Just a bit simpler would be (á la Dr. Dunlap): (d is the data frame):
d <- within(d,index <- ave(year,site, FUN = order))
(This assumes exactlly one data collection per each year that appears, though.)
Cheers,
Bert
On Tue, Oct 30, 2012 at 12:56 PM, arun <smartpink111 at yahoo.com> wrote:
> HI,
>
> You can also use this:res<-do.call(rbind,lapply(split(d,d$site),function(x) data.frame(x,newindex=1:nrow(x))))

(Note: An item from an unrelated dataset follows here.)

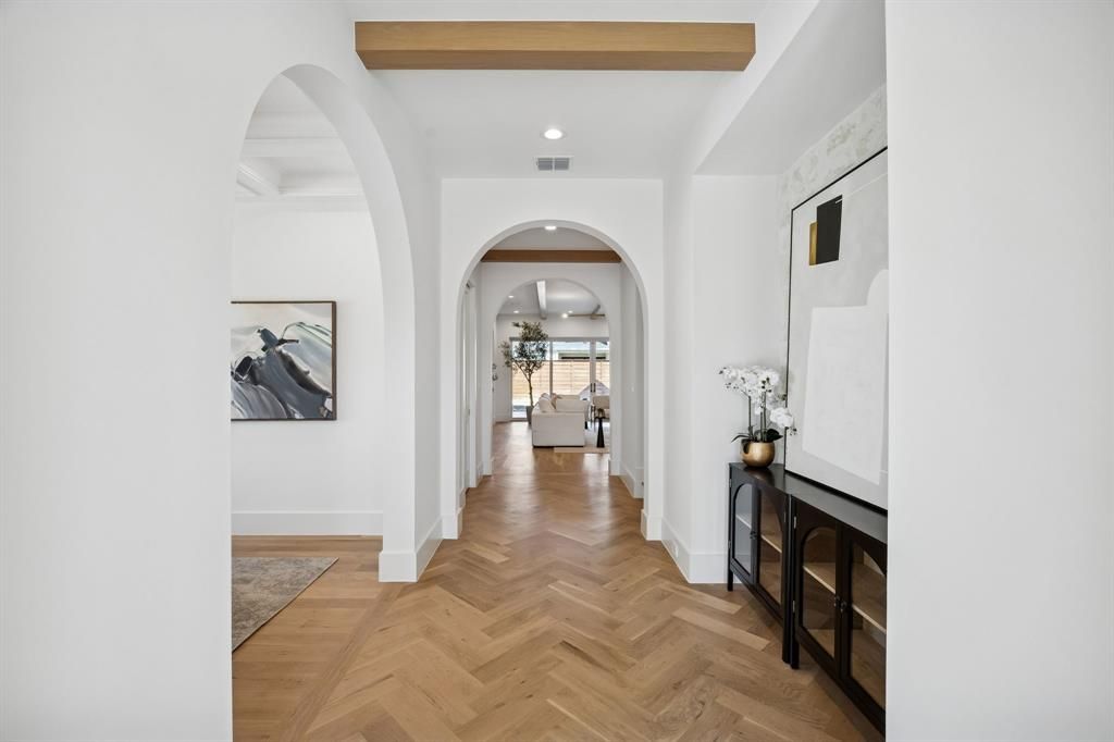 Built by BuildTX and designed by CH Design Studio, this contemporary modern 5-bedroom, 5.1-bath residence spans over 4,550 square feet of thoughtfully designed living space. The entryway welcomes you with stunning white oak herringbone flooring, setting the tone for the architectural details found throughout the home, including stone carried in from the exterior to frame the living room fireplace and a dramatic accent wall just off the entry. The main level also features a dedicated study, ideal for working from home. A formal dining room with elegant coffered ceilings is perfect for entertaining, while the butler’s pantry leads into a chef’s kitchen equipped with Monogram appliances and quartzite countertops. The living room flows seamlessly to the backyard through Pella sliding doors and includes a wine cellar with storage and refrigerator, perfect for showcasing your collection. The spacious laundry room offers a full-size washer and dryer area along with a dedicated folding counter. The primary bathroom is the true focal point of the home, featuring dual vanities, beautiful marble countertops, and elegant tilework that extends into the shower and soaking tub, creating a spa-like retreat. Upstairs, four additional bedrooms complete the layout, including two connected by a Jack-and-Jill bath. One bedroom features an attached patio, offering an indoor-outdoor feel during pleasant weather. The upper level is completed by a light-filled game room overlooking the front of the home and additional flex space ideal for a second office or workout room.

> rownames(res)<-1:nrow(res)
> res
> # RchID site year index newindex
> #1 1 A 2002 1 1
> #2 2 A 2004 2 2
> #3 3 A 2005 3 3
> #4 4 B 2003 1 1
> #5 5 B 2006 2 2
> #6 6 B 2008 3 3
> #7 7 C 2002 1 1
> #8 8 C 2003 2 2
> #9 9 C 2004 3 3
> A.K.
>
>
>
> ----- Original Message -----
> From: William Dunlap <wdunlap at tibco.com>
> To: "Meredith, Christy S -FS" <csmeredith at fs.fed.us>
> Cc: "r-help at r-project.org" <r-help at r-project.org>
> Sent: Tuesday, October 30, 2012 3:43 PM
> Subject: Re: [R] help with for loop: new column giving count of observation for each SITEID
>
> Your data was, in R-readable format (from dput())
> d <- data.frame(
> RchID = 1:9,
> site = factor(c("A", "A", "A", "B", "B", "B", "C",
> "C", "C"), levels = c("A", "B", "C")),
> year = c(2002L, 2004L, 2005L, 2003L, 2006L, 2008L,
> 2002L, 2003L, 2004L),
> index = c(1L, 2L, 3L, 1L, 2L, 3L, 1L, 2L, 3L))
> and I am assuming that 'index' is the desired result. You can use
> withinGroupIndex to make a new column identical to 'index'. There
> are a variety of ways to add that column to an existing data.frame,
> one of which is within():
> > within(d, newIndex <- withinGroupIndex(site))
> RchID site year index newIndex
> 1 1 A 2002 1 1
> 2 2 A 2004 2 2
> 3 3 A 2005 3 3
> 4 4 B 2003 1 1
> 5 5 B 2006 2 2
> 6 6 B 2008 3 3
> 7 7 C 2002 1 1
> 8 8 C 2003 2 2
> 9 9 C 2004 3 3
> Or is 'index' not the desired result?
>
> Bill Dunlap
> Spotfire, TIBCO Software
> wdunlap tibco.com
>
>
>> -----Original Message-----
>> From: Meredith, Christy S -FS [mailto:csmeredith at fs.fed.us]
>> Sent: Tuesday, October 30, 2012 12:20 PM
>> To: William Dunlap
>> Subject: RE: [R] help with for loop: new column giving count of observation for each
>> SITEID
>>
>> Not quite,
>> I need it like this, a new number for each ordered year in the sequence within each site,
>> regardless of what the years are, and to retain the RchID column.
>>
>> RchID site year index
>> 1 A 2002 1
>> 2 A 2004 2
>> 3 A 2005 3
>> 4 B 2003 1
>> 5 B 2006 2
>> 6 B 2008 3
>> 7 C 2002 1
>> 8 C 2003 2
>> 9 C 2004 3
>>
>>
>> Thanks so much for you help!
>>
>>
>> -----Original Message-----
>> From: William Dunlap [mailto:wdunlap at tibco.com]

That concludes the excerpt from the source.